* AVAILABLE RECORDS:
↓

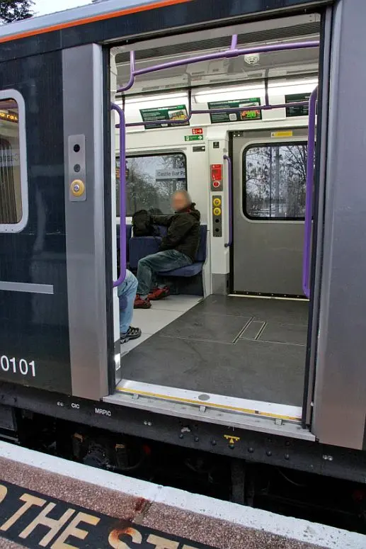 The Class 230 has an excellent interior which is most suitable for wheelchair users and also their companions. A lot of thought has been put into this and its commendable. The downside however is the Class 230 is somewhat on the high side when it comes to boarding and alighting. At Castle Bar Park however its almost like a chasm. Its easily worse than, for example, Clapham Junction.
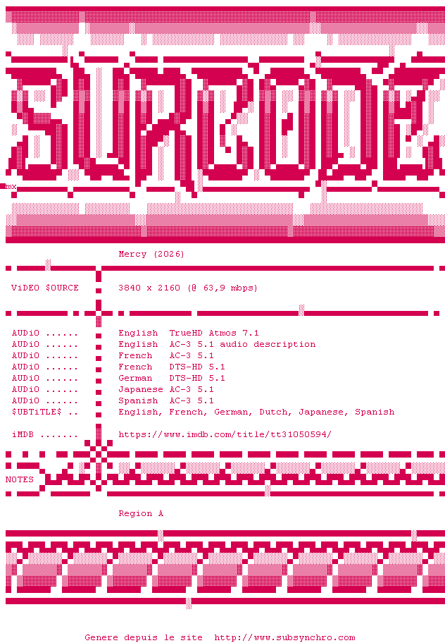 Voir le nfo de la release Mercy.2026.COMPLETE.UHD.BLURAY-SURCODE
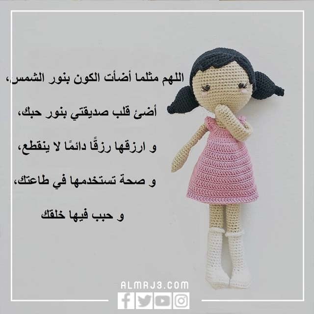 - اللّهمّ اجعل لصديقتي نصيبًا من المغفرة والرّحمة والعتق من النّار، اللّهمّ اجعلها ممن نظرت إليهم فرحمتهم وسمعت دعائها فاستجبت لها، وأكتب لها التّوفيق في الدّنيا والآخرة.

↑
↓

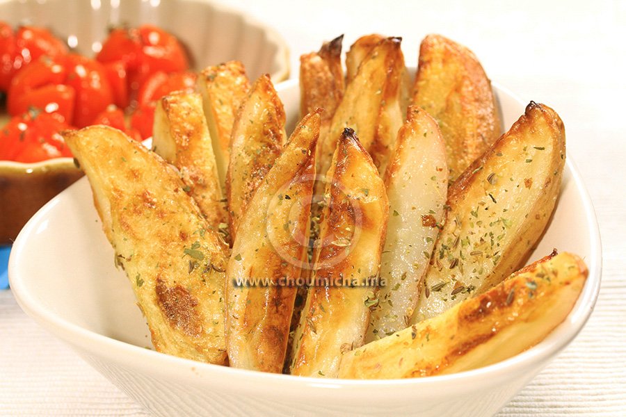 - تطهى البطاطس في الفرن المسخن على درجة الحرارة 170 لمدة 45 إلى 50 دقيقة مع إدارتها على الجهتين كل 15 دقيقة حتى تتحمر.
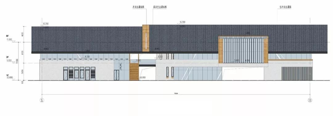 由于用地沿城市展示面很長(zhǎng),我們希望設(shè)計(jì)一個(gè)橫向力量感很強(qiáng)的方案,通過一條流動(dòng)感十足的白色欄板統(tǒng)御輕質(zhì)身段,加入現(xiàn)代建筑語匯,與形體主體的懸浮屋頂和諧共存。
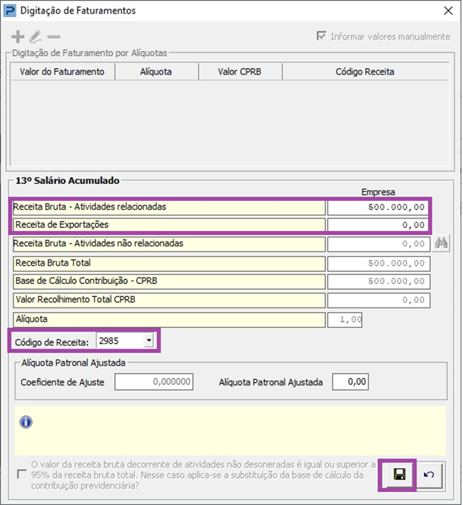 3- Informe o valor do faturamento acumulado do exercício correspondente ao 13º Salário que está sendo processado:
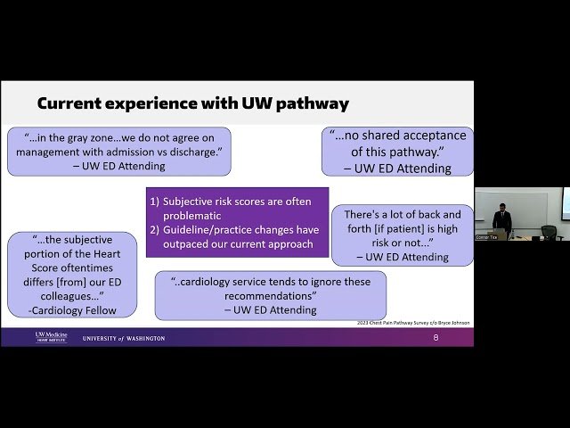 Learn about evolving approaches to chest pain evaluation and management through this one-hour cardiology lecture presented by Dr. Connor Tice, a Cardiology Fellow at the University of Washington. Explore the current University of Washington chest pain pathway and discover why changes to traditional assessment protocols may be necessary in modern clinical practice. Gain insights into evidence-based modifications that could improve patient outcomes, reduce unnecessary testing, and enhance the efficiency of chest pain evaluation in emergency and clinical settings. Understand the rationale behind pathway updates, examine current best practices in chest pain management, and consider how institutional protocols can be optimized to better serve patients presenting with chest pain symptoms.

↑

* GOAL OF THE EXERCISE: Within the listing above, find the line containing "3- Informe o" and the line containing "Learn about evolving". Transcribe them and everything between them exactly, leaving out the pictures.

* PROBLEM SOLUTION:
 3- Informe o valor do faturamento acumulado do exercício correspondente ao 13º Salário que está sendo processado:
 Learn about evolving approaches to chest pain evaluation and management through this one-hour cardiology lecture presented by Dr. Connor Tice, a Cardiology Fellow at the University of Washington. Explore the current University of Washington chest pain pathway and discover why changes to traditional assessment protocols may be necessary in modern clinical practice. Gain insights into evidence-based modifications that could improve patient outcomes, reduce unnecessary testing, and enhance the efficiency of chest pain evaluation in emergency and clinical settings. Understand the rationale behind pathway updates, examine current best practices in chest pain management, and consider how institutional protocols can be optimized to better serve patients presenting with chest pain symptoms.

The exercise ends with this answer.